Tennis Ball Detection and Tracking
Jan 29, 2015
Tracking the trajectory of the tennis ball in videos of tennis matches!
Why is there a separate post for this?
Observe a video of a tennis match and notice if you can see the ball at all times. The answer is no. Even our eyes- one of the finest visual detectors cannot keep track of the ball. This is because of two reasons:
- The ball is a very small object compared to the other objects in the frame.
- It moves very fast during a match sequece.

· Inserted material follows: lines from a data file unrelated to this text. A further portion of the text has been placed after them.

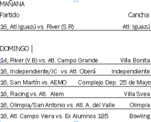 El resto de los encuentros de la primera fecha se cumplirán el domingo 19.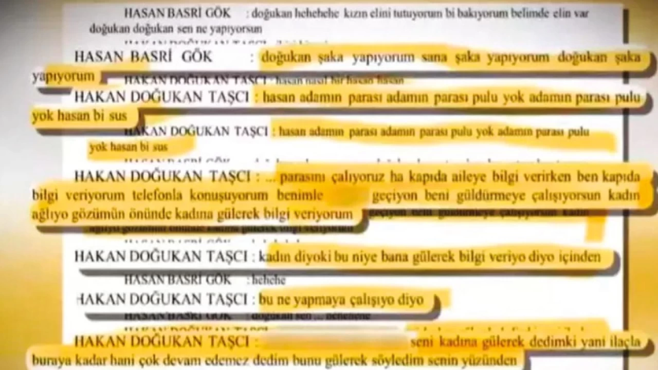 Hakan Doğukan Taşçı: Parasını çalıyoruz. Kapıda aileye bilgi verirken telefonla konuşuyorum. Benimle dalga geçiyorsun beni güldürmeye çalışıyorsun. Kadın ağlıyor gözümün önünde. Ben gülerek bilgi veriyorum.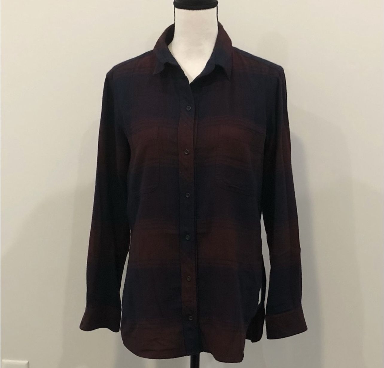 Athleta plaid flannel shirt. Navy and burgundy. Full button. Left chest pocket. Long sleeve wit button cuffs. Super soft. High-low style. Size S. Linen 15z

All this made ball tracking a challenge.
Initial attempts:
We had already had an amazing experience with the efficiency of RCNN. So we decided to give it a shot- and included the tennis ball in one of the classes that it should be detecting in the frame. The result? The ball could not be detected.
What next?
One of the key features that made the ball different from all the other objects in the frame was its fast motion. And that could be utilized to detect it. We started with using the Luke Kanade optical flow to see if the ball could be detected. Although this approach had one major flaw- it first tracks the object and then monitors its motion. And in most of the cases, the algorithm was not able to detect the ball in the first place. Luckily for us, we found an approach that gave significant weightage to the motion of the object in the detection process.
Detecting of the position and velocity of the ball using Thomas Brox’s optical flow: The algorithm for optical flow by Thomas Brox took into account the high-speed motion of relatively smaller objects in the frame- something that no other optical flow manages. So given two consecutive frames in a video, we can detect the speed and direction of motion of the large as well as the smaller objects. The output is observed in the optical flow wheel coloring scheme. Here is the exact sequence of steps:
- Break the video into its constituent frames.
- Apply optical flow for pairwise frames, to obtain velocity map of the objects.
- Perform morphological processing on the obtained maps to retain the players and the ball. (Since the players and ball will have considerably high speed as compared to everything else on the court, we can threshhold the intensity of the velocity map.
- Using connected component analysis, obtain the ball (assuming it will be the component of the smallest area).
- Using the optical flow color wheel, obtain the direction and magnitude of the ball’s velocity.